Cavity nesting honey bees
There are four species of cavity nesting honey bees, forming the largest group of Asian honey bee species. These are: Apis cerana F., Apis koschevnikovi E., Apis nigrocincta S. and Apis nuluensis T.. Multiple combs cavity nesting bees are amenable to beekeeping. Apis cerana has the largest distribution range of all Asian honey bee species, extending west to Afghanistan, northeast to Japan and southeast to Indonesia and the Philippines. The other three species have smaller distribution ranges. Apis koschevnikovi is present in Indonesia and Malaysia, Apis nigrocincta in Indonesia and the Philippines and Apis nuluensis is endemic to the highlands of Mount Kinabalu in Borneo (9) (12).
Dwarf Honey Bees
The black dwarf bee, Apis andreniformis S., and the red dwarf bee, Apis florea F., are the smallest honey bee species in the world with worker bees of a size between 7 to 10 mm. These two species form small colonies of a few thousand bees with their nest consisting of a single comb, around 20 cm in diameter, attached to a small branch (13). Both of these dwarf species are present in most of Southeast Asia but the distribution range of Apis florea extends further west through the Indian subcontinent and up to the eastern region of the Arabian Peninsula.
Defense strategies of Asian Honey Bees
Asian honey bees have developed a range of defense strategies against predators, parasites and diseases. To deter predators, Asian honey bee colonies produce hissing sounds and perform defense body shaking at the entrance of the cavity nesting site or on the surface of the nest in the case of open air nesting species. These defensive movements are particularly impressive in the giant honey bee species, Apis dorsata and Apis laboriosa, whose worker bees’ synchronized twisting results in circular defensive waves on the surface of the nests (14).

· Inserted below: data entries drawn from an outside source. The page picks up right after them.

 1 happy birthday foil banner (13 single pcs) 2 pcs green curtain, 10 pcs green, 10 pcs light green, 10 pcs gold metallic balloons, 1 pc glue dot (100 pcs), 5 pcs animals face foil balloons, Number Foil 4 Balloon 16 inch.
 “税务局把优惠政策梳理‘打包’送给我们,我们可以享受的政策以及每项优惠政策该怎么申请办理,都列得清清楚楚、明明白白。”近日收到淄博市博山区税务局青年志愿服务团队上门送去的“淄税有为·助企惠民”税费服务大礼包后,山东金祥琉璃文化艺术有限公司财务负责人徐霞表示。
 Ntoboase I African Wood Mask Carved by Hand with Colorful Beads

Dwarf honey bees prevent attacks by predators such as weaver ants (Oecophylla smaragdina) by coating the branch supporting the nest with propolis (15). Apis cerana uses thermal defense to neutralize predatory hornets. Known as “heat balling,” worker bees form a ball around the hornet, raise the temperature by vibrating their wing muscles until reaching a temperature that is lethal to the hornet but tolerable for the bees (16) (17) (18).
Migrations of Asian Honey Bees
Asian honey bees have the particular characteristic of moving their nest in response to seasonal changes (13) (19). These migrations remain poorly documented but it is for example known that Apis andreniformis and Apis laboriosa perform altitudinal migrations with the former nesting at higher altitude in rainy season and lower altitude in dry season (13) while the latter avoids the harsh winter conditions by migrating downhill (20) (21). Apis dorsata colonies are able to travel up to a distance of 200 km during their seasonal migrations (4).

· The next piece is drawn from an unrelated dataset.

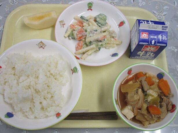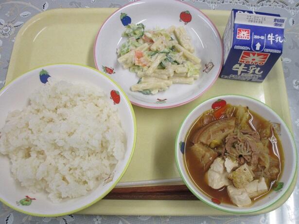 ごはん、すき焼き煮、マカロニサラダ、牛乳
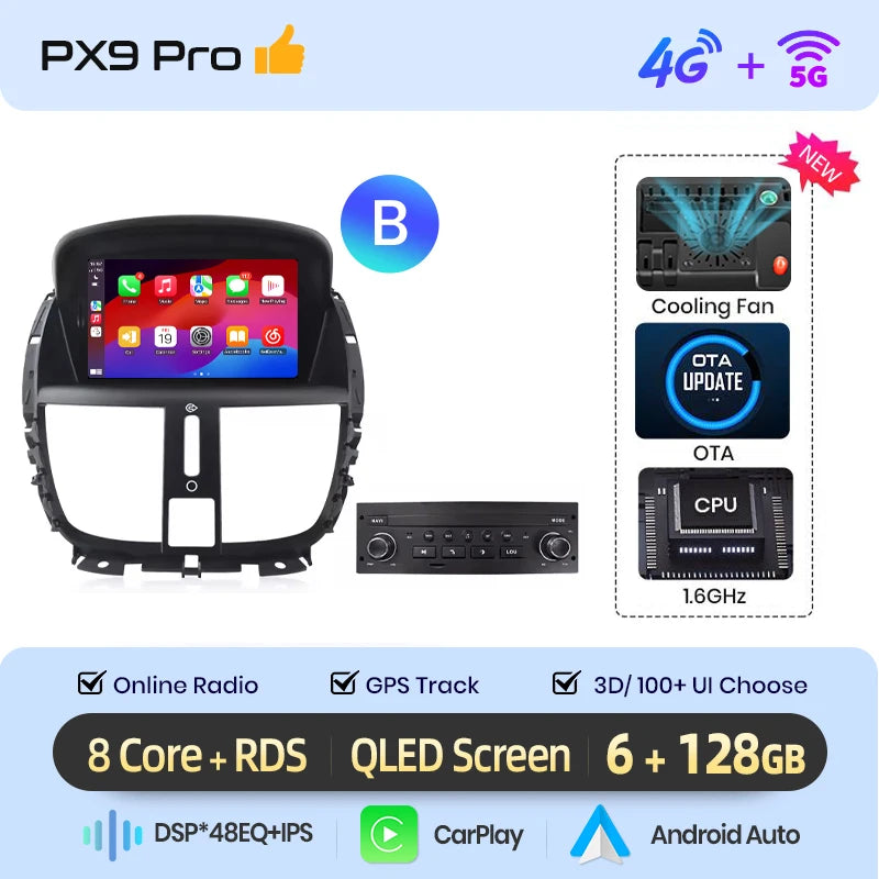 Peugeot 207 / 207 CC (2006–2015) Autoradio mit kabellosem CarPlay, Android Auto und integriertem GPS – Intelligentes Multimediasystem

Value of Southeast Asian native honey bees: why they should be protected?
Up to 30% of the world’s food consumption is derived from plants that depend on pollination by bees and other insects (1). Bees in particular, play a crucial role in food production through the pollination of crops (22). Since agricultural yields can be maximized, in terms of quantity and quality, by abundant and diverse populations of pollinators (23), the presence of several native honey bee species is an asset for agriculture in Southeast Asia. While some crops can be pollinated by several species, other crops are dependent on a specific bee species. The Asian giant honey bee, Apis dorsata, which has the unique ability to forage at dusk, is essential for the pollination of crops and trees which bloom at night, such as the dragon fruit (Hylocereus undatus).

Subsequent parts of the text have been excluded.